## PROBLEM:
A faithful copy of all the data is the goal; omit the pictures.

## PROVIDED MATERIAL:
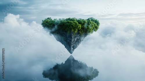 A striking image of a floating triangular island, lush with trees, hovering amid soft clouds, symbolizing the harmony between nature and imagination in a dreamlike setting.
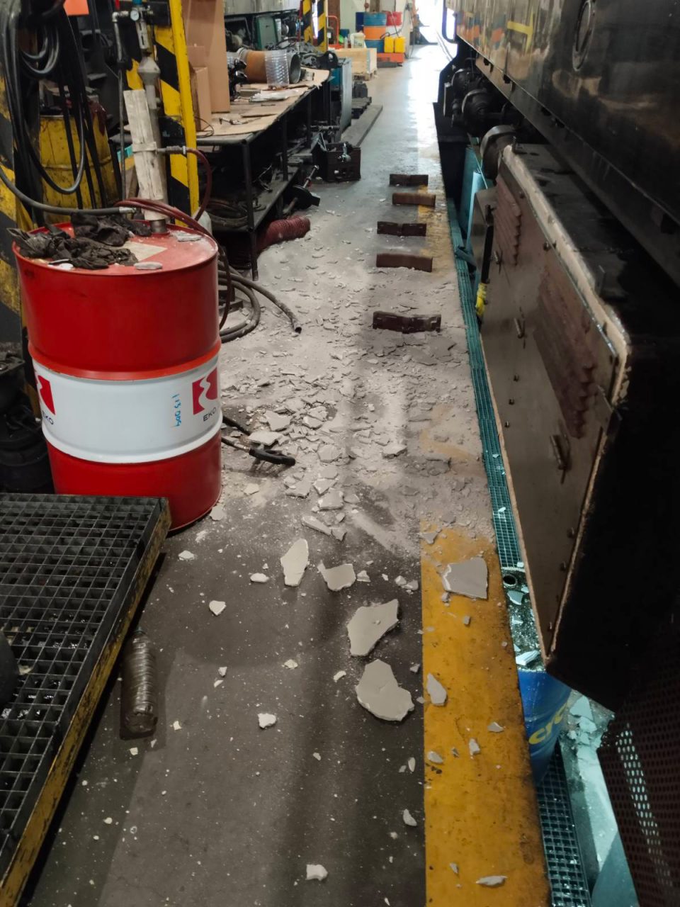 Ειδικότερα, στο κεντρικό μηχανοστάσιο της Θεσσαλονίκης, αποκολλήθηκε ένα μεγάλο κομμάτι σοβά από το ταβάνι στον χώρο όπου βρίσκονται τα κανάλια εργασιών συντήρησης των μηχανών και από τύχη δεν τραυματίστηκε εργαζόμενος, καθώς εκείνη τη στιγμή δεν εκτελούνταν εργασίες.
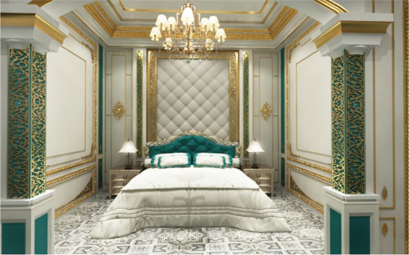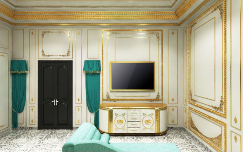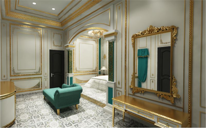 Dalam ruangan ini anda bisa melihat ornamen dalam setiap lekukan dan pojokan, baik pojokan dan lekukan interior ataupun pojokan dan lekukan ruangan sehingga ornamennya menjadi sangat banyak, ruangan ini hanya menggunakan warna putih dan gold, walaupun begitu ornament yang menghiasi ruangan ini melahirkan efek mewah dan classy.
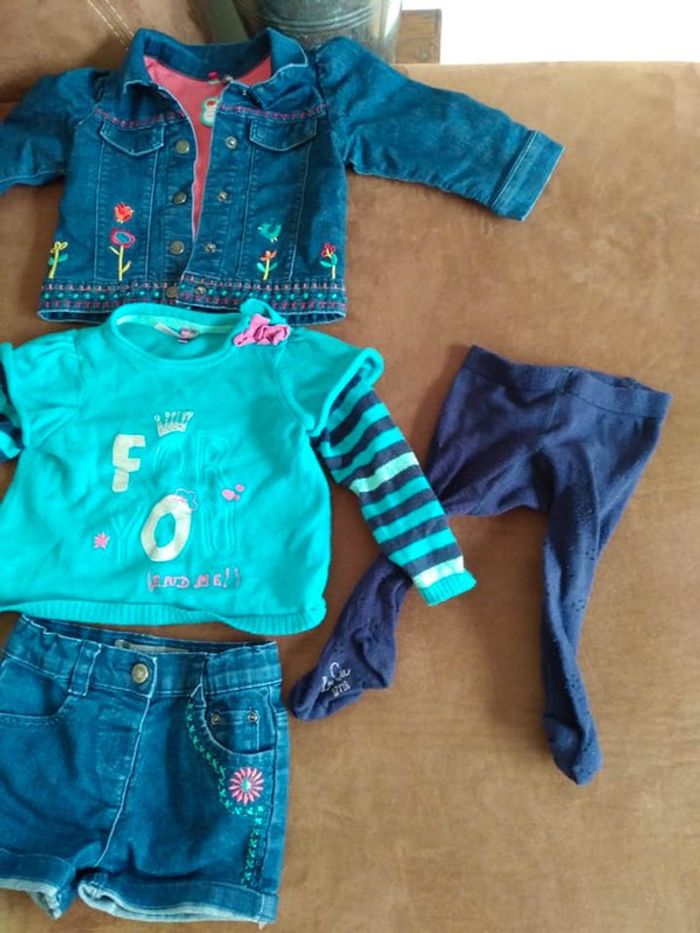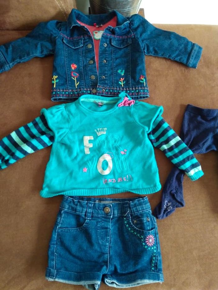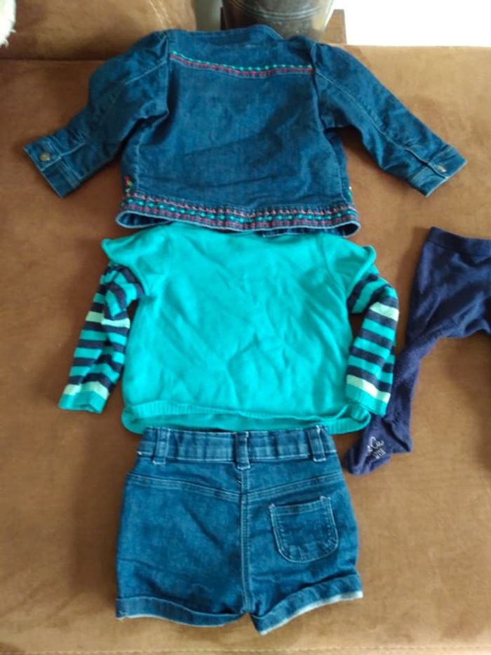 Ensemble la compagnie des petits, collants 17.18 tenue portée notamment pull, short et collant, la veste n'a pas été portée car ne correspond pas à la saison pour ma fille #didi_50fille9mois

## TASK RESPONSE:
 A striking image of a floating triangular island, lush with trees, hovering amid soft clouds, symbolizing the harmony between nature and imagination in a dreamlike setting.
 Ειδικότερα, στο κεντρικό μηχανοστάσιο της Θεσσαλονίκης, αποκολλήθηκε ένα μεγάλο κομμάτι σοβά από το ταβάνι στον χώρο όπου βρίσκονται τα κανάλια εργασιών συντήρησης των μηχανών και από τύχη δεν τραυματίστηκε εργαζόμενος, καθώς εκείνη τη στιγμή δεν εκτελούνταν εργασίες.
 Dalam ruangan ini anda bisa melihat ornamen dalam setiap lekukan dan pojokan, baik pojokan dan lekukan interior ataupun pojokan dan lekukan ruangan sehingga ornamennya menjadi sangat banyak, ruangan ini hanya menggunakan warna putih dan gold, walaupun begitu ornament yang menghiasi ruangan ini melahirkan efek mewah dan classy.
 Ensemble la compagnie des petits, collants 17.18 tenue portée notamment pull, short et collant, la veste n'a pas été portée car ne correspond pas à la saison pour ma fille #didi_50fille9mois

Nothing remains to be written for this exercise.